CONTRA COLE: Juan Cole, stung by criticism that he directy equated Paul Wolfowitz with Saddam Hussein, tears me a new one on his blog. I should repeat for the record that Cole’s blog is well worth reading and a font of information and analysis. But it is also beset by a hatred of the Bush administration that mars its credibility. Cole lambastes me for a column I wrote before the war complaining about Howell Raines’ explicit camaigning against the war in the NYT. I would think by now that the question of Raines’ abuse of the NYT is largely settled. But Cole understandably loved Raines’ polemicizing in the guise of journalism. Then he attacks my column on several grounds. Firstly, that I dismissed predictions that the war would wreck the American economy. But I was right. If anything, war spending has juiced the economy, now predicted to grow at around 4.7 percent this year. Then he argues that paranoia and skepticism about the Bush administration’s motives, as exemplified by Raiunes, were rational. I beg to differ. I still see no evidence that the Bush administration’s motives were insincere. You can criticize them, as I have, for all sorts of things. But the insistence of the far left that it is an administration of deliberate lies and deception seems to me overblown and shrill. And even if such paranoia were defensible, the man running the most authoritative paper on the planet should try and rein his biases in, not give them full expression through news reporting. That was my point. Cole subsequently describes my description of possible motives for opposing war in 2002 as “character assassination.” Again, he exaggerates. It is perfectly fair to notice that Brent Scowcroft might be seeking to defend his past in opposing a new Iraq war. When your policy of keeping Saddam in power led to the massacre of hundreds of thousands, you have a good reason to make the case that you were nonetheless right. Cole then says my description of some military brass as “gun-shy” implies I am impugning their courage. Please. I’m merely describing the U.S. military’s long-held aversion to difficult conflicts.

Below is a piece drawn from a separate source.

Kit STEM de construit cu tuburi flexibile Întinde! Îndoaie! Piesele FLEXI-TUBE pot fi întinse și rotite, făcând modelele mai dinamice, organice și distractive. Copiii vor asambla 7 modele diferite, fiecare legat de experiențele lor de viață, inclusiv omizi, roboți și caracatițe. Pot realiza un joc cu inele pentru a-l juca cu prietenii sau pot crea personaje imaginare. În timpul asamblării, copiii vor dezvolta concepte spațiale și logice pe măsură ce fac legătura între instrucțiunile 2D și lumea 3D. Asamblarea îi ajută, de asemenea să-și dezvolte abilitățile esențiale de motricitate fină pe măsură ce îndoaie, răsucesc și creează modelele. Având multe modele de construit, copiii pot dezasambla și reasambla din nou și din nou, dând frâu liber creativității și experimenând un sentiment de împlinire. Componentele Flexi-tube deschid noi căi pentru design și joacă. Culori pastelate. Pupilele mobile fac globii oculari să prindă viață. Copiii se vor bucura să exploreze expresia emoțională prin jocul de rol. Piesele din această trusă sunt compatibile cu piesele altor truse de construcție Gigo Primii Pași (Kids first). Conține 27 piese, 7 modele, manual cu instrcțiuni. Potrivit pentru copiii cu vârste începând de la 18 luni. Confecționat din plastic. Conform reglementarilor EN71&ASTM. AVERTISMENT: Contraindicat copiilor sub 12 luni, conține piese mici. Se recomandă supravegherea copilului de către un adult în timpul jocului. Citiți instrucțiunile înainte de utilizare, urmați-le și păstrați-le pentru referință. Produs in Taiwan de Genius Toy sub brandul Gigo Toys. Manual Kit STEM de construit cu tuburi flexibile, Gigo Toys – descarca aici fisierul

TAINTED BY EXTREMISM: Cole then concedes that his posting was prompted by my criticism of his moral equation of Paul Wolfowitz with Saddam Hussein. Here is what he wrote:

“Paul Wolfowitz kept crowing last summer about how the US saved the Marsh Arabs from Saddam, but now that many of them have joined the Sadrists in Kut and Amara, Wolfowitz is having the Marsh Arabs killed just as Saddam did, and for the same reasons.”

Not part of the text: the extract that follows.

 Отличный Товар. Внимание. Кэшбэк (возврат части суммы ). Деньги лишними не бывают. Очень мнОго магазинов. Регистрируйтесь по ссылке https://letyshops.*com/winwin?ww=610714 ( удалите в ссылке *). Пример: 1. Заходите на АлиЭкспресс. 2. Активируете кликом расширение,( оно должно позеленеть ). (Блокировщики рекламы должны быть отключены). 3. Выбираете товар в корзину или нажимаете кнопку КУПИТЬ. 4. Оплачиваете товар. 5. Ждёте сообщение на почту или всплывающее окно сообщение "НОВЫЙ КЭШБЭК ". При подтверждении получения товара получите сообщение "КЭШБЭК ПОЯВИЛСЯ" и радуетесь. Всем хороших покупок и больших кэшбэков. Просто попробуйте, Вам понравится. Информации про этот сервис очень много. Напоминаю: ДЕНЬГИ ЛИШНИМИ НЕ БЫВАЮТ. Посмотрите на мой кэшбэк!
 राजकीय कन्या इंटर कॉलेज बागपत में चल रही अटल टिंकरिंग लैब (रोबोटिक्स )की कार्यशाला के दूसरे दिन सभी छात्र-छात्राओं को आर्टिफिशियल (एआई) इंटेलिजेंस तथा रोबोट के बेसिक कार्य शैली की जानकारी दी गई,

Cole defends this obscenity by saying the following:

There is an enormous difference in scale between what Saddam did to them and what the Coalition has done since the beginning of April. But it is early days, after all. And in issues of ethics and hypocrisy, scale is less important than principle… “Saving” the Iraqi Shiites was maybe the last rationale for their war that hadn’t been discredited. Since April 2 they haven’t been saving them any more. They have been killing them.

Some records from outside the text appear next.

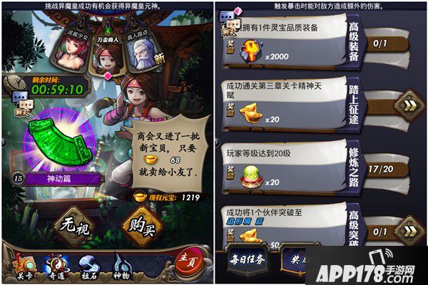 就如同传统的卡牌手游玩法一致,本作无外乎是“加深”了卡牌玩法的解读。手游老鸟们耳熟能详的卡牌品质(橙紫蓝绿白)、进阶、羁绊、装备等一概不落,只不过融入了更鲜明的小说元素,比如说和各类小说中的武器、草药名称都一一挂钩。和小说深度关联的,还有游戏专门添加的各种稀奇玩法,诸如“远古神物榜”“祖石”系统等。虽说在手游中仅仅是战斗力、属性加成的系统,但对于小说读者来说,却有难以言明的亲切感。如果说玩家正在读文的话,感觉应该更为深刻。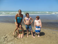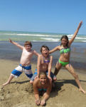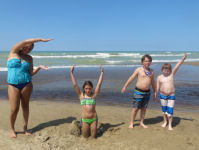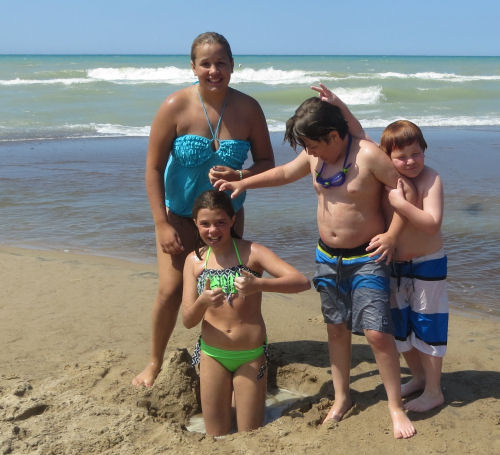 The kids had fun anyway sitting on the edge of the water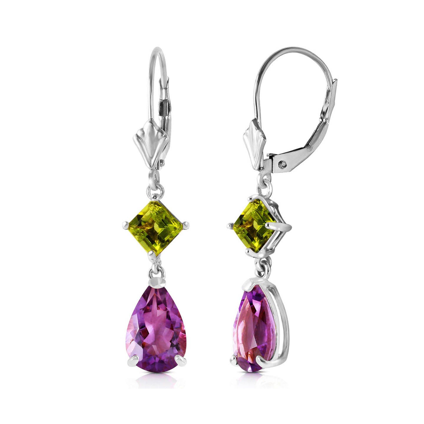 Amethyst & Peridot Leverback Earrings handcrafted in solid white gold. Four gemstones, total 4.5 ct for both earrings combined. Pear cut. Size: 6.1 x 34.5 mm (0.24 x 1.36 in). Material: 9ct White Gold. Total metal weight: 2.1 gr. 2 pear cut amethysts (9 x 6 mm) = 3.5 ct total for pair. 2 square cut peridots (4 x 4 mm) = 1 ct total for pair. Colour: Purple. Stone cut: Pear Cut. Anniversary: 6th Anniversary. Birthstone: February.

Notice that Cole has accused me of character assassination because I criticized an editor for being biased. But I haven’t accused anyone of deliberately following the genocidal policies of Saddam Hussein. Cole now steps back a bit and concedes that the Marsh Arab casualties in the insurgency cannot be compared to Saddam’s attempted wholesale destruction of an entire people. But he’s still vicious with regard to Wolfowitz. “Crowing” about the liberation of an entire sub-population? How about “celebrating”? And does Cole honestly believe that the Shiites now freed from Saddam haven’t really been saved? Notice also what Cole doesn’t take back: his vilest assertion that Wolfowitz, a decent and honorable man, is deliberately killing Shiites for the same reasons as Saddam Hussein. Does Cole really believe that Wolfowitz wants to commit genocide to entrench his own vile police state? Cole strikes me as a text-book case in the virtues and merits of today’s academic elite. They can marshall great scholarship and knowledge; but their ideological extremism taints it all.